Option B: $$y - 2a x = 0$$

Substitute $$x_H$$ and $$y_H$$:

$$$ y_H - 2a x_H = \frac{3(a - 1)^2}{2} - 2a \cdot \frac{3(a + 1)^2}{2} = \frac{3}{2} \left[ (a - 1)^2 - 2a (a + 1)^2 \right] $$$

Expand:

$$$ (a - 1)^2 = a^2 - 2a + 1 $$$

$$$ 2a (a + 1)^2 = 2a (a^2 + 2a + 1) = 2a^3 + 4a^2 + 2a $$$

So,

$$$ (a - 1)^2 - 2a (a + 1)^2 = (a^2 - 2a + 1) - (2a^3 + 4a^2 + 2a) = -2a^3 - 3a^2 - 4a + 1 $$$

This is not zero for all $$a$$, so Option B is incorrect.

Option C: $$y + x = 0$$

Substitute $$x_H$$ and $$y_H$$:

$$$ y_H + x_H = \frac{3(a - 1)^2}{2} + \frac{3(a + 1)^2}{2} = \frac{3}{2} \left[ (a - 1)^2 + (a + 1)^2 \right] $$$

Expand:

$$$ (a - 1)^2 + (a + 1)^2 = (a^2 - 2a + 1) + (a^2 + 2a + 1) = 2a^2 + 2 $$$

So,

$$$ \frac{3}{2} \times (2a^2 + 2) = 3(a^2 + 1) $$$

This equals zero only if $$a^2 + 1 = 0$$, which is not true for real $$a$$, so Option C is incorrect.

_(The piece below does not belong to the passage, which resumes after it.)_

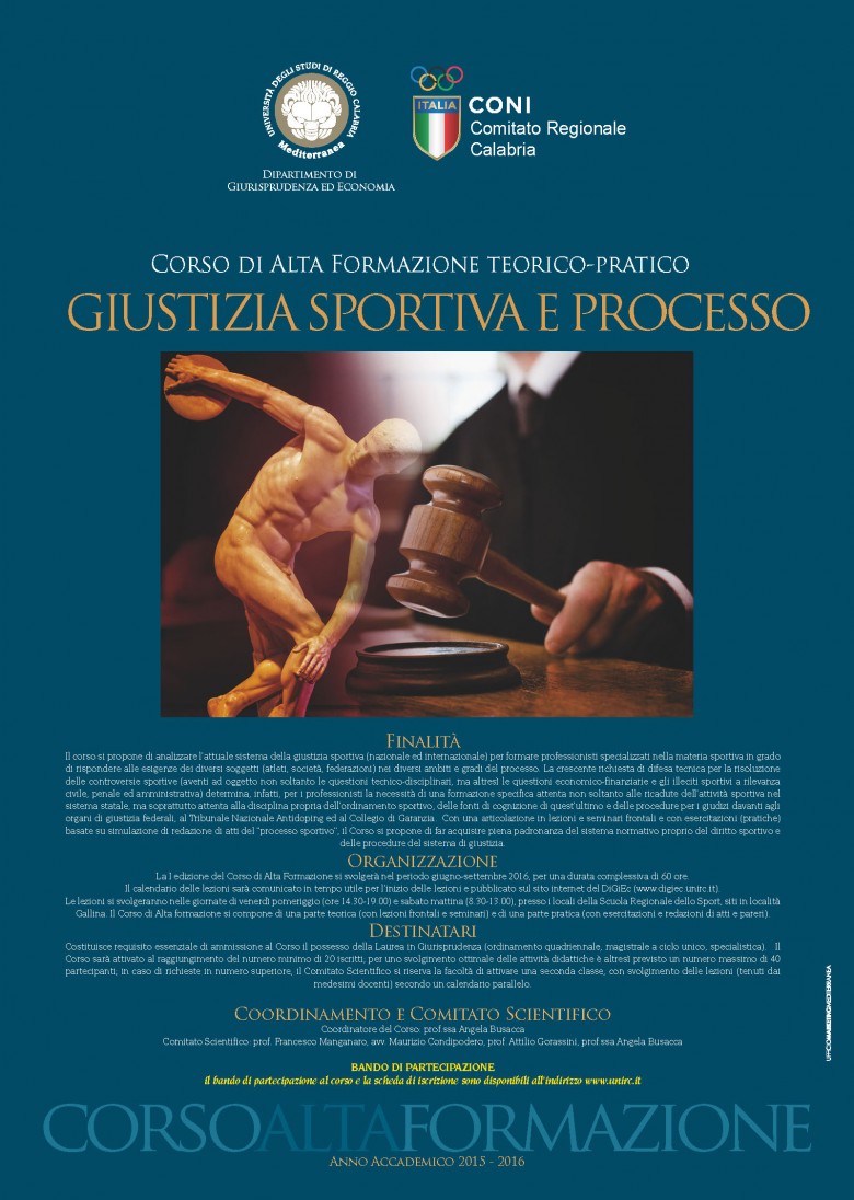 Il Dipartimento di Giurisprudenza ed Economia dell'Università Mediterranea di Reggio Calabria ed il CONI Comitato Regionale Calabria, organizzano nell'a. a. 2015/2016 la I edizione del Corso di Alta Formazione in “GIUSTIZIA SPORTIVA E PROCESSO”.
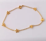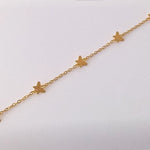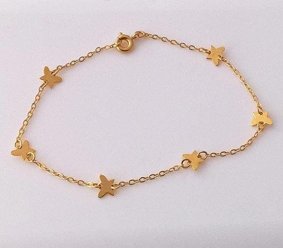 Ravissant petit bracelet fin motif 6 papillons, or jaune 750 (18 carats), maille forçat rond, fermoir anneau ressort, bijou minimaliste et discret pour jeunes filles et femmes à poignet fin. Le collier assorti existe aussi.

Option D: $$(a - 1)^2 x - (a + 1)^2 y = 0$$

Substitute $$x_H$$ and $$y_H$$:

$$$ (a - 1)^2 x_H - (a + 1)^2 y_H = (a - 1)^2 \cdot \frac{3(a + 1)^2}{2} - (a + 1)^2 \cdot \frac{3(a - 1)^2}{2} $$$

Factor out $$\frac{3}{2}$$:

$$$ = \frac{3}{2} (a - 1)^2 (a + 1)^2 - \frac{3}{2} (a + 1)^2 (a - 1)^2 = 0 $$$

This is identically zero for all $$a \neq 0$$, so the orthocentre $$H$$ lies on this line for any $$a$$.

Hence, the correct answer is Option D.